§ **Problem to solve**: Repeat the listing exactly, line by line, and leave the pictures behind.

§ **Provided material**:
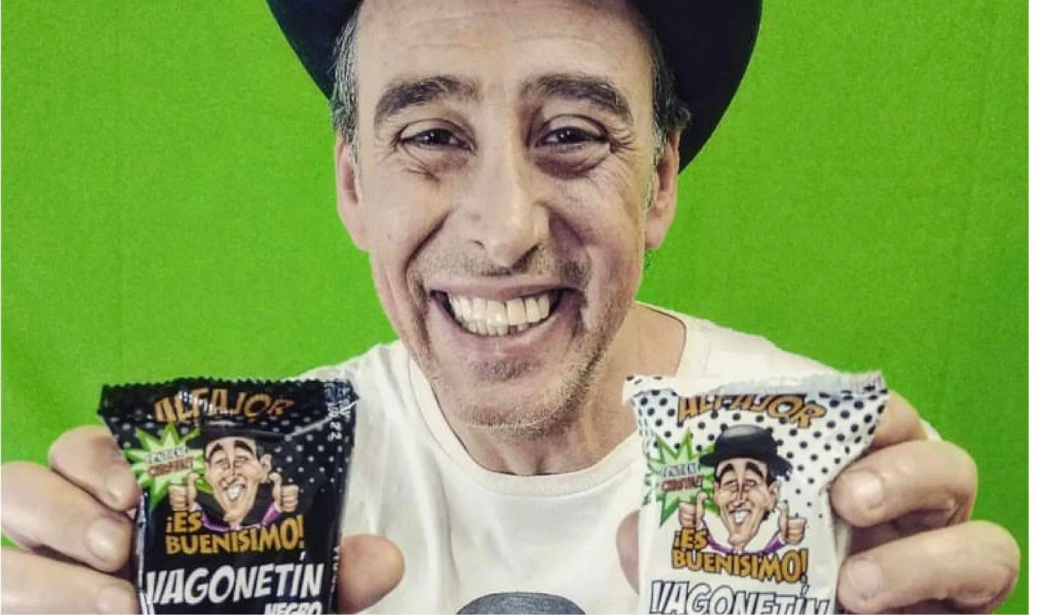 Rodrigo lanzó marca de alfajores de chocolate blanco y negro llamados Vagonetín, cuestan 90 pesos y en su interior vienen con chistes del humorista
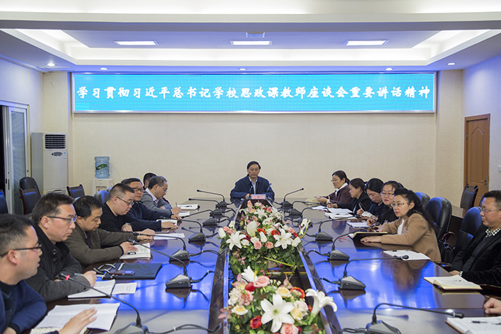 王成端在听完与会教师的发言后,强调习近平总书记对思政课教师提出的“六个要求”就是合格称职的思政课教师的标准,也是我们选拔思政课教师的标尺。学校在贯彻落实习近平总书记重要讲话精神的过程中,要切实把思政课作为落实立德树人根本任务的关键课程,落实上好思政课,关键在教师,关键在发挥教师的积极性、主动性、创造性的要求,下大力气抓好思政课教师队伍建设;落实推动思政课改革创新,不断增强思政课的思想性、理论性、亲和力、针对性的要求,切实加强思政课教学方法的改革和考核评价的创新;要加强党的领导,切实把思政课建设摆在学校党委工作的重要议程,党委常委会每年至少专题研究一次思政课程建设,制定有效措施,解决实际问题,增强工作成效。
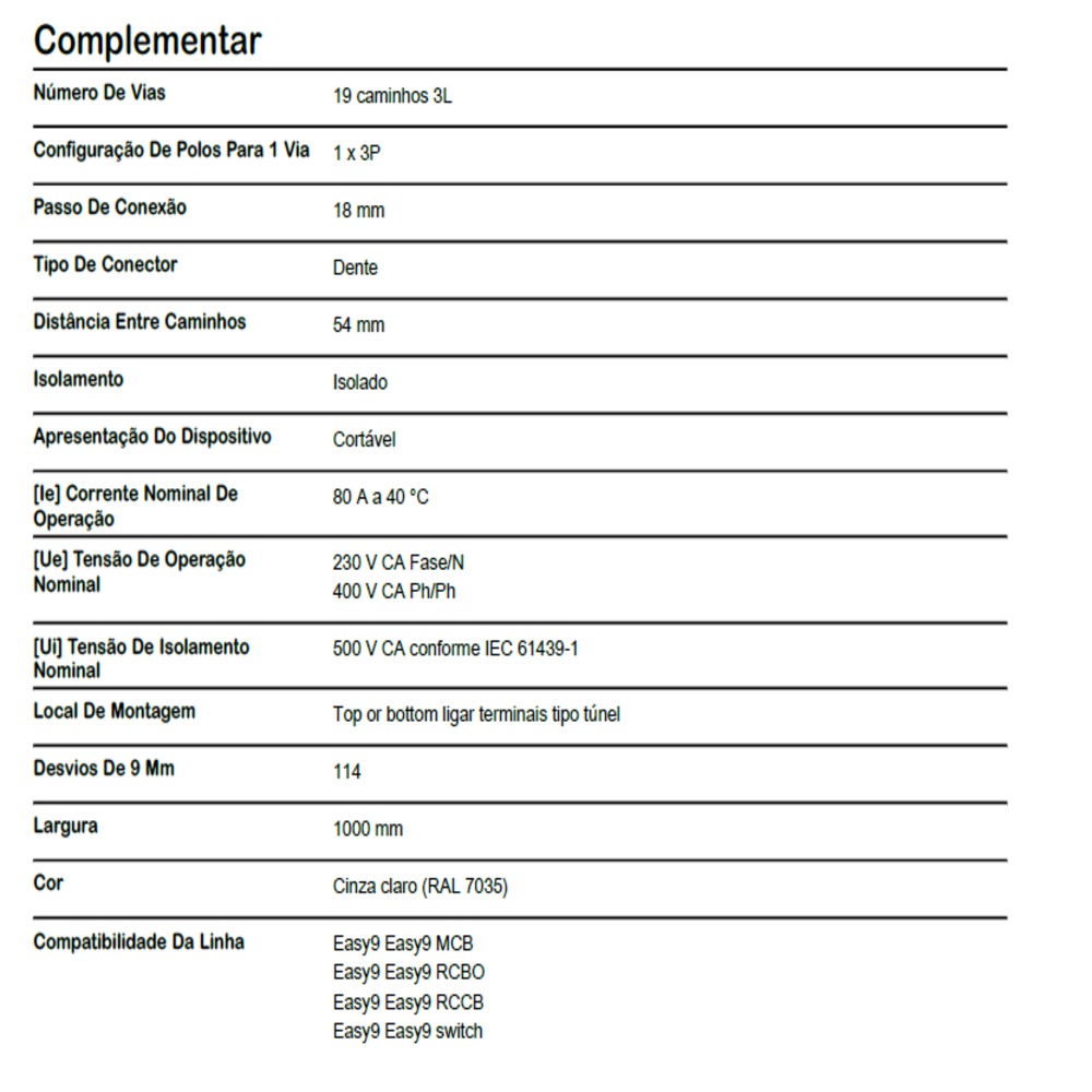 Os barramentos, ou pente de conexão, Easy9 da Schneider Eletric foram desenvolvidos para facilitar a vida do eletricista ao realizar a ligação dos dispositivos de proteção de maneira segura e rápida. Barramento pente tripolar de 57 polos com capacidade de 80A. Este produto está em conformidade com IEC 60947-7-1. Os pente de conexão Easy9 levam o selo Green PremiumTM, que promete conformidade com as mais recentes regulamentações, transparência nos impactos ambientais, produtos circulares e com baixo teor de CO2.
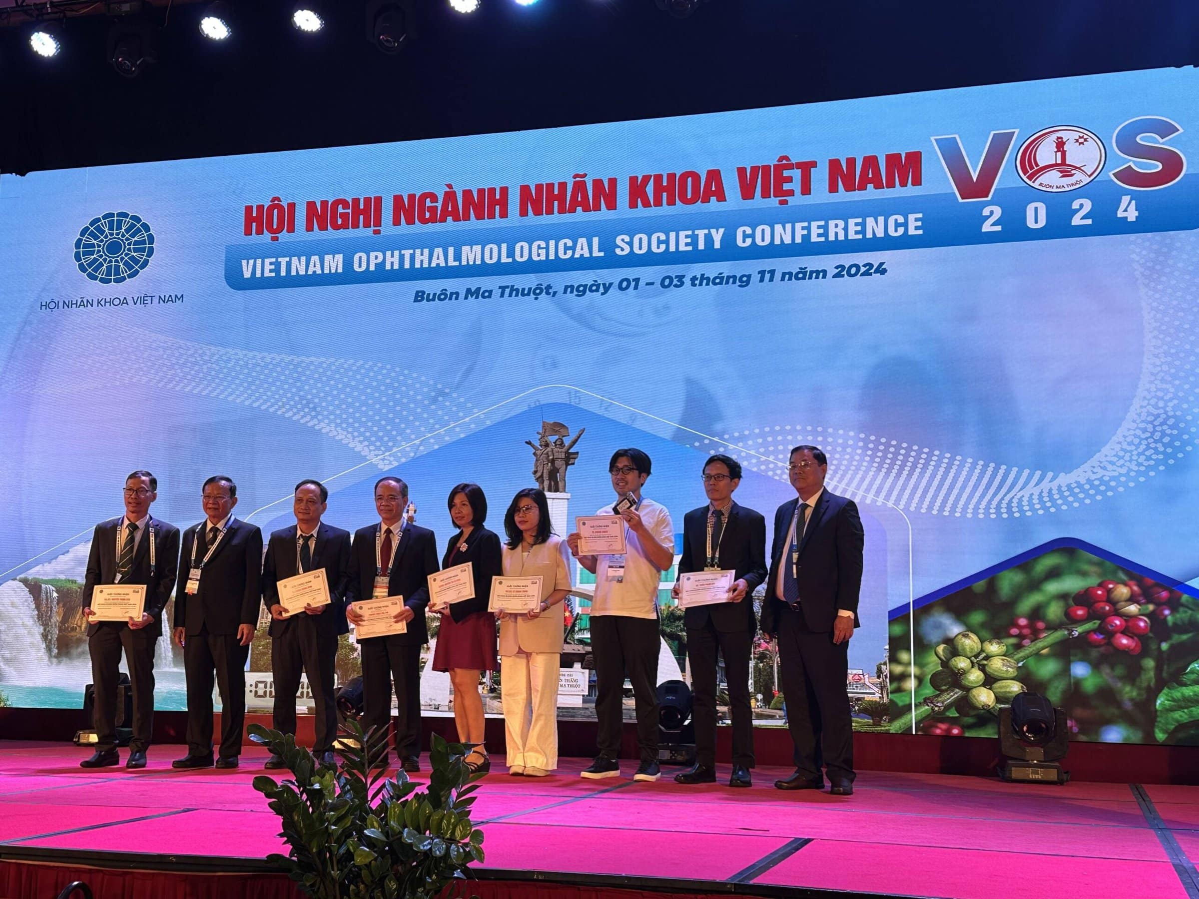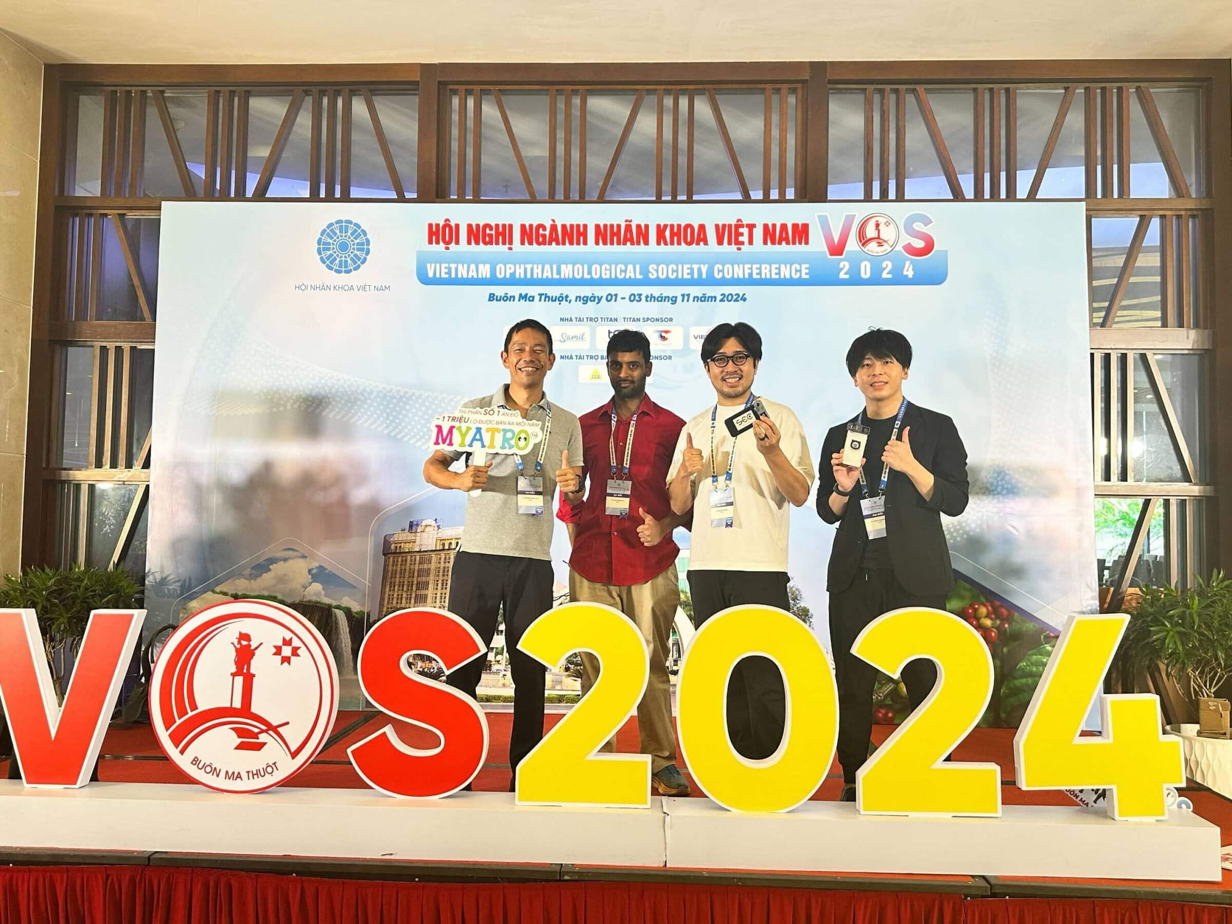2024年11月2日から4日にかけて、OUI Inc.のCEOである清水、COOである中山、視能訓練士である西村、そしてDr. Rohanの4名が、ベトナム・バンメトートで開催された“Vietnam Ophthalmology Session 2024 (VOS 2024)” に参加し、招待講演を行いました。この学会はベトナム最大の眼科学会であり、ベトナム国内外の眼科医療の専門家が集う場となっています。

§ **Solution below**:
 Rodrigo lanzó marca de alfajores de chocolate blanco y negro llamados Vagonetín, cuestan 90 pesos y en su interior vienen con chistes del humorista
 王成端在听完与会教师的发言后,强调习近平总书记对思政课教师提出的“六个要求”就是合格称职的思政课教师的标准,也是我们选拔思政课教师的标尺。学校在贯彻落实习近平总书记重要讲话精神的过程中,要切实把思政课作为落实立德树人根本任务的关键课程,落实上好思政课,关键在教师,关键在发挥教师的积极性、主动性、创造性的要求,下大力气抓好思政课教师队伍建设;落实推动思政课改革创新,不断增强思政课的思想性、理论性、亲和力、针对性的要求,切实加强思政课教学方法的改革和考核评价的创新;要加强党的领导,切实把思政课建设摆在学校党委工作的重要议程,党委常委会每年至少专题研究一次思政课程建设,制定有效措施,解决实际问题,增强工作成效。
 Os barramentos, ou pente de conexão, Easy9 da Schneider Eletric foram desenvolvidos para facilitar a vida do eletricista ao realizar a ligação dos dispositivos de proteção de maneira segura e rápida. Barramento pente tripolar de 57 polos com capacidade de 80A. Este produto está em conformidade com IEC 60947-7-1. Os pente de conexão Easy9 levam o selo Green PremiumTM, que promete conformidade com as mais recentes regulamentações, transparência nos impactos ambientais, produtos circulares e com baixo teor de CO2.
2024年11月2日から4日にかけて、OUI Inc.のCEOである清水、COOである中山、視能訓練士である西村、そしてDr. Rohanの4名が、ベトナム・バンメトートで開催された“Vietnam Ophthalmology Session 2024 (VOS 2024)” に参加し、招待講演を行いました。この学会はベトナム最大の眼科学会であり、ベトナム国内外の眼科医療の専門家が集う場となっています。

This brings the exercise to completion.